Zvi opens with the big claim: the White House told Anthropic not to expand access to Mythos under Project Glasswing, and Anthropic complied. He frames that as the government already deciding who can access a frontier model and on what terms, even though the legal basis is murky. The sting is that this may be low-harm in this specific case, but the precedent is the real story.
The next jump is the alarming one: reporting says the White House is considering a review process for AI models before release via executive order and an AI working group of officials and tech executives. Zvi's take is nuanced but sharp — for the most capable frontier models, some version of this may actually be necessary, especially with cyber risk and a possible 'hackastrophe' where attackers gain the edge. But he thinks the U.S. is heading toward the worst possible version: improvised, panicked, and easy to abuse.

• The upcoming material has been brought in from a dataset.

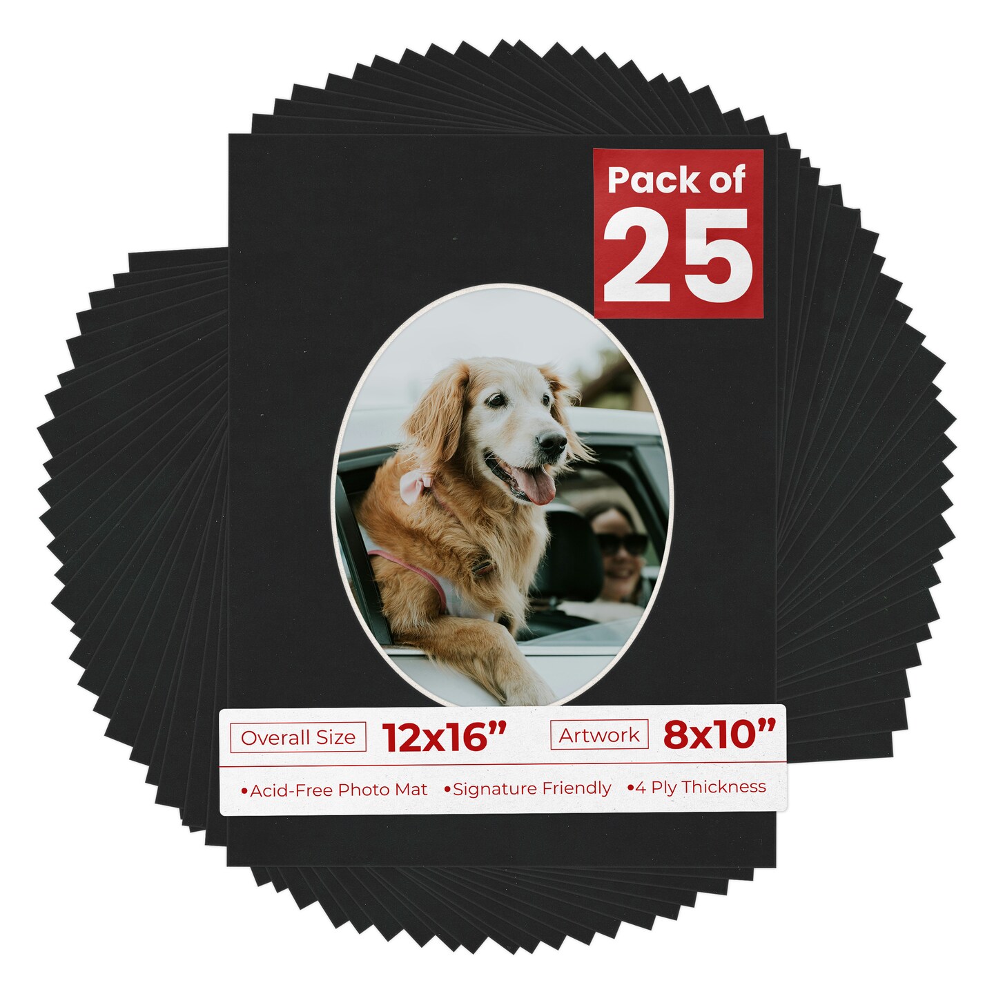 Black Suede Mat Board for 12x16 Frames - Oval Opening for 8x10 Photos

He runs through reactions from Neil Chilson, Dean Ball, Jessica Tillipman, Taylor Barkley, and others, and the mood is equal parts horror and gallows humor. Dean Ball jokes about writing absurd names like Jimmy Apples and Neil Gorsuch directly into statute 'for all time,' which captures how unserious and chaotic the current process feels. Zvi also corrects a New York Times claim about Britain: the UK's pre-release reviews are voluntary through the AI Safety Institute, not a mandatory pre-approval system.
Zvi argues this was never really avoidable if frontier AI kept advancing. His line is memorable: when you're dealing with an exponential, the choice is often 'too early or too late,' and once it's no longer plausibly too early, it's definitely too late. He says years of rhetoric painting any precursor to model review as tyranny poisoned the well, making it harder now to build something thoughtful before crisis politics takes over.

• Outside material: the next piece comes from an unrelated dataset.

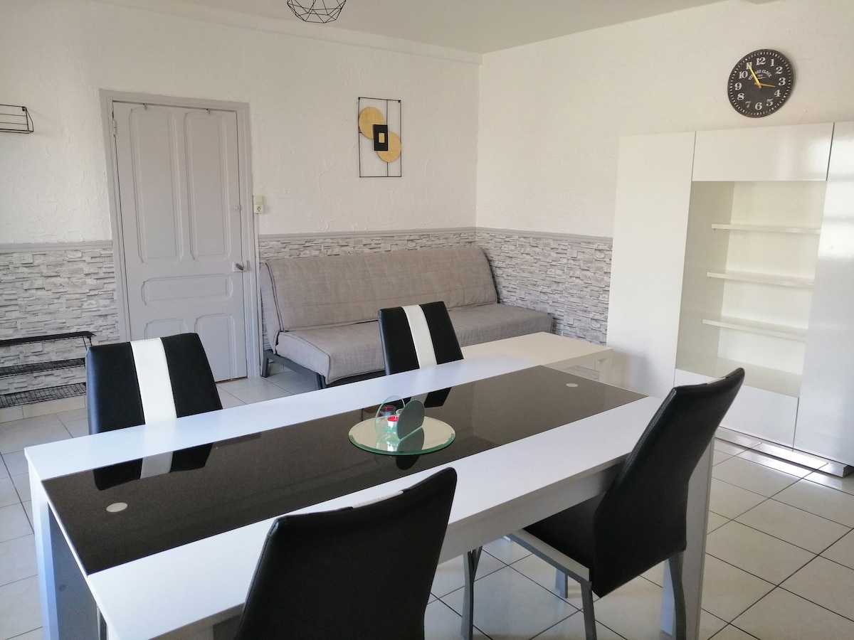 Appartement au rez de chaussé avec entrée privé. - 1 chambre avec lit double, 1 salon avec clic clac, table avec 4 chaises, 1 cuisine équipé et salle de bain avec douche et WC. Lit bébé disponible sur demande. Une petite cour extérieur non fermer avec parking pour la voiture juste devant. A coté du logement vous trouverez une boulangerie, restaurant.. A votre disposition, café, thé, confitures..

Then the focus shifts to the new pre-release screening agreements: Anthropic, OpenAI, Google, Microsoft, and xAI are now on the list, with Meta conspicuously questioned. Right now, Zvi says, these tests are supposedly informational, but the obvious next step is that failing a review — or getting a quiet 'don't release this' — starts carrying consequences. Jessica Tillipman adds the key insight: procurement leverage may let the government achieve much of a review regime without ever passing a standalone law.
He also covers the coming White House AI policy memo, especially language saying labs working with the Department of Defense must not 'interfere with the military's chain of command.' Zvi thinks there is a reasonable interpretation and a dangerous one: either it's about not trying to override military decision-making, or it's a demand for unconditional obedience. The Anthropic feud hangs over this whole section, especially with Pete Hegseth reportedly calling Dario Amodei an 'ideological lunatic.'
Zvi does single out one policy move as plainly right: agencies should maintain access to multiple AI providers rather than depend on one. It's practical resilience — backups matter, providers can become unavailable, and different models fit different jobs. In a video full of warnings about concentration of power, this is one place where the government instinct lands cleanly.
The closing argument is that parts of government have finally grasped the security implications of frontier AI and are now predictably 'freaking the hell out.' Zvi says controlled access can quickly become a tool for insider advantage, corruption, and broad social control unless it's narrow, systematic, and clearly rule-bound. The internet-will-sort-it-out approach was only viable if capabilities plateaued — they didn't — so now the real task is limiting scope and convincing policymakers not to build the dumbest version of the regime that may be coming.